Openedge 11.6 - Visual Designer - Unable to resolve type in

Posted by doa on 10-Nov-2015 05:19

Hello,

I just updated to 11.6 and i can't seem to open any form in the visual designer that has a variable declaration for another form in the code.

(DEFINE PRIVATE VARIABLE loTest AS test.TestForm NO-UNDO.)

I looked through the knowledgebase and tried everything i found but nothing helped.

I still get the error.

When i delete these variable declarations i can load the form.

Things i tried:

Class name and path case sensitive.

I have activated "Refresh using native hooks or polling" in the Workspace settings

I have set the class cache to "PROPATH"

Recompiling the whole project and restart Devstudio.
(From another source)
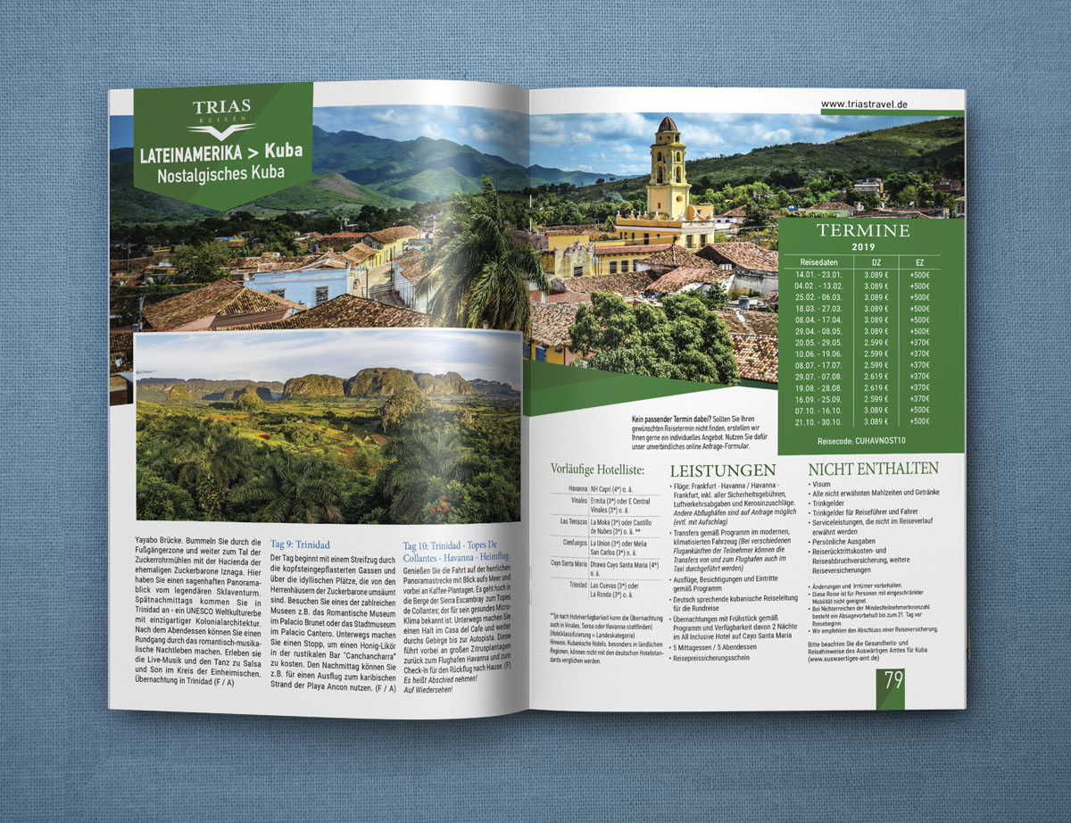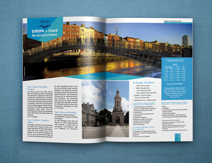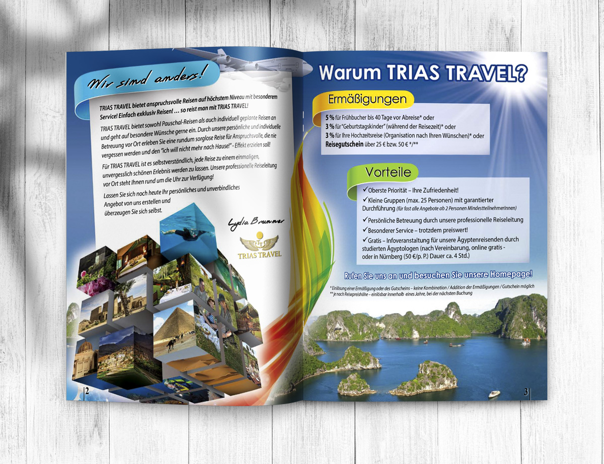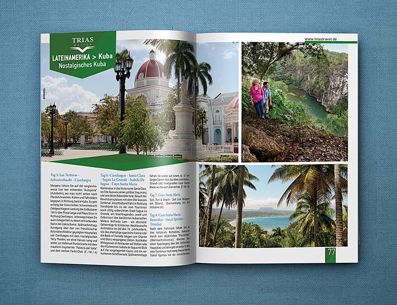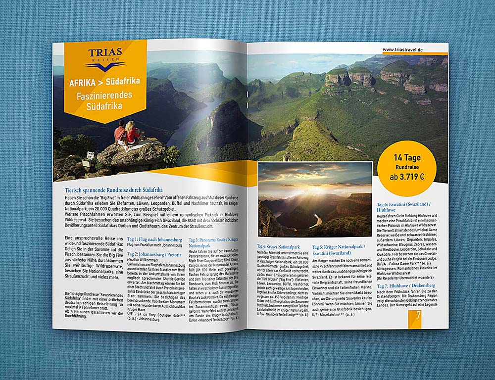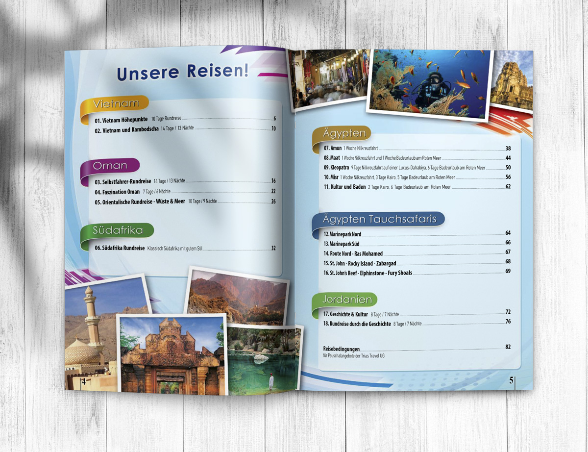 Το τουριστικό γραφείο Trias Travel με έδρα στην Γερμανία μας ανέθεσε τον σχεδιασμό τον ετήσιων καταλόγων με τα ταξίδια που διοργανώνει σε χώρες της Αφρικής, της Ασίας και της Λ. Αμερικής.

Does anyone have a solution for this problem?

Posted by Phani Sajja on 11-Nov-2015 23:34

The issue might occur in the following cases:

  1. You have a class's package in one case and being referenced in different case.
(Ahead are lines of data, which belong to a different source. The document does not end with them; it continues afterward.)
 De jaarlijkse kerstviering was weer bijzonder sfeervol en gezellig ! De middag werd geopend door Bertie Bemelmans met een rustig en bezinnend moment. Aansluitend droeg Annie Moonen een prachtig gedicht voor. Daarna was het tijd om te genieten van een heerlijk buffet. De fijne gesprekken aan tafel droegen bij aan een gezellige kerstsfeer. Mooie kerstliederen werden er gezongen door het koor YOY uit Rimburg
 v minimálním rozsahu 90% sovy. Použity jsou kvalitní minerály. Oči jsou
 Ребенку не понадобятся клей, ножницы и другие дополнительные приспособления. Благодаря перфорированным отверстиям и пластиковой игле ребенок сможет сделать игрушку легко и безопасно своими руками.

       com.progress vs Com.Progress

  2. You have diferent classes fall into the same package with different cases.

       com.progress.ClassA, com.Progress.ClassB

The issue got fixed after 11.6 is out.

Check the case of the package and the one in the class definition and the references made it.
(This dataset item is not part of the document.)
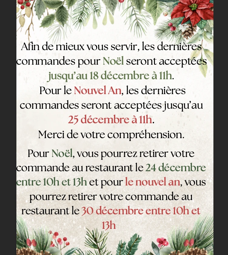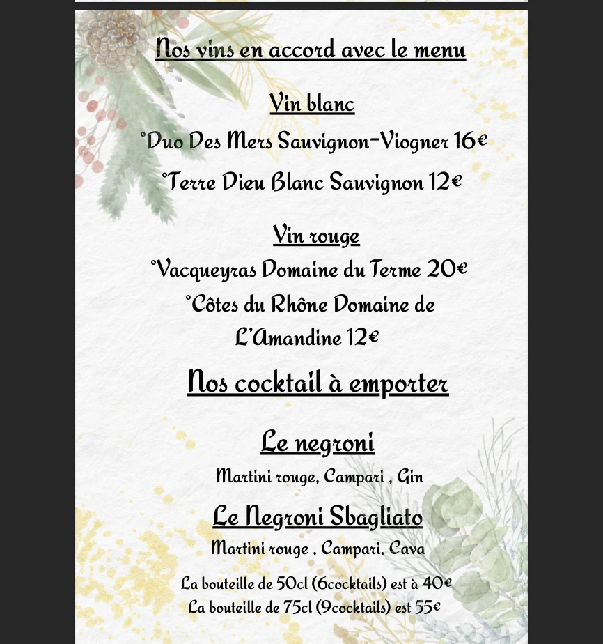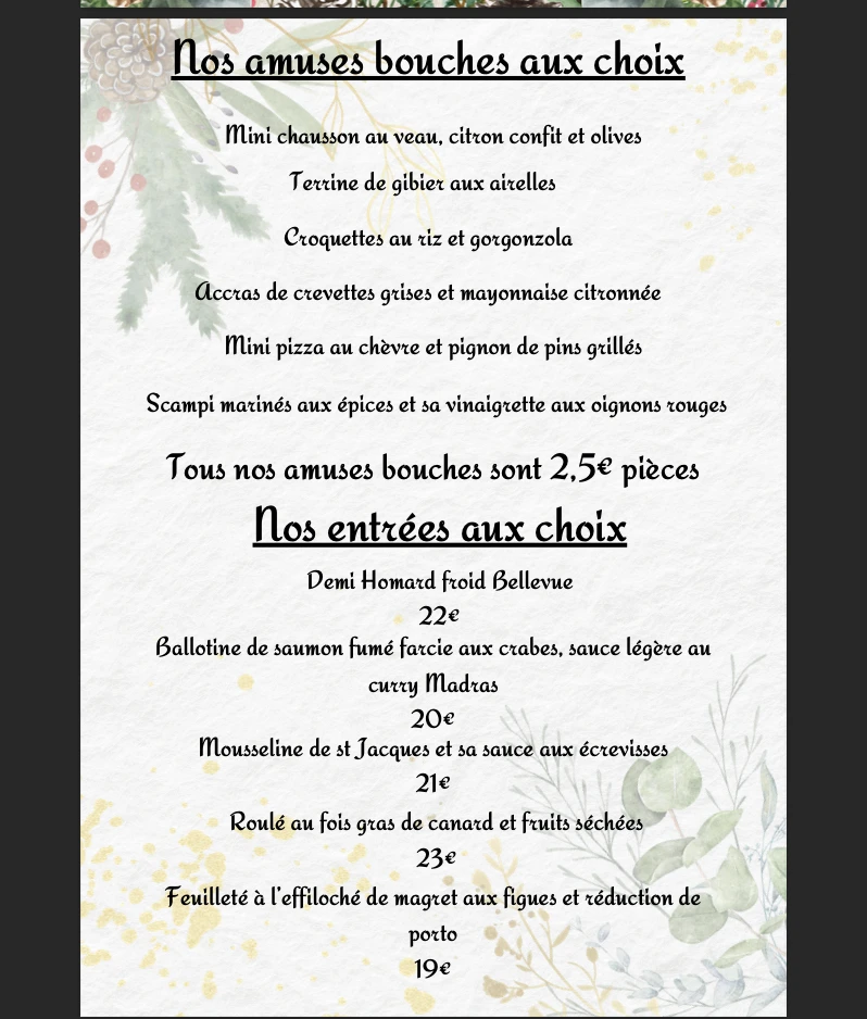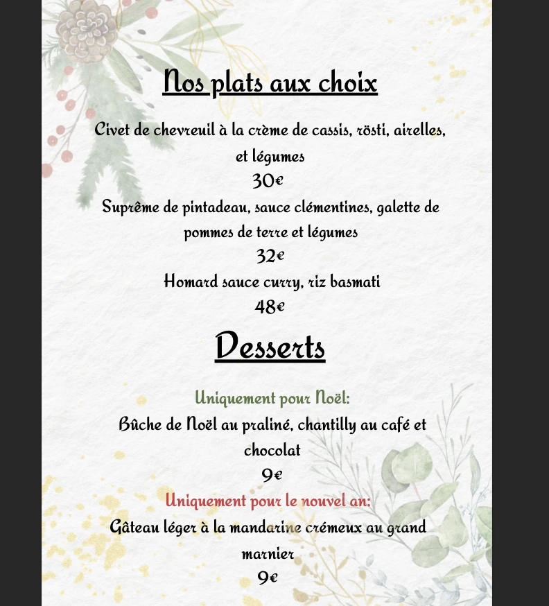 Nous pouvons vous proposer un menu sur mesure (entrée-plat-dessert ou plat-dessert) en fonction de votre budget.

If you can share the project, we can figure out the exact problem of this.

--

Regards,

Phani S.

All Replies

Posted by Lars Neumeier on 10-Nov-2015 05:53

DEFINE PRIVATE VARIABLE loTest AS test.TestForm.cls NO-UNDO. 

is wrong.

DEFINE PRIVATE VARIABLE loTest AS test.TestForm NO-UNDO. 

is the correct syntax.

Posted by Ramadevi Dhavala on 10-Nov-2015 06:01

Hi Doa,

Please remove '.cls' from the variable declaration. It worked for me.

DEFINE PRIVATE VARIABLE loTest AS test.TestForm NO-UNDO

Thanks,

Rama

Posted by Sanjeva Manchala on 10-Nov-2015 06:01

Hi,

In addition to the above I would like to add the following:

We have seen similar issue when casing package name is different than the one mentioned in the variable declaration inside another. Changing the casing of package name to actual name and then cleaning the r-code solves the problem.

Hope this helps,

Sanjeev.

Posted by doa on 10-Nov-2015 06:14

Oh sry the .cls was just a copy paste error, i defined it without .cls in the code.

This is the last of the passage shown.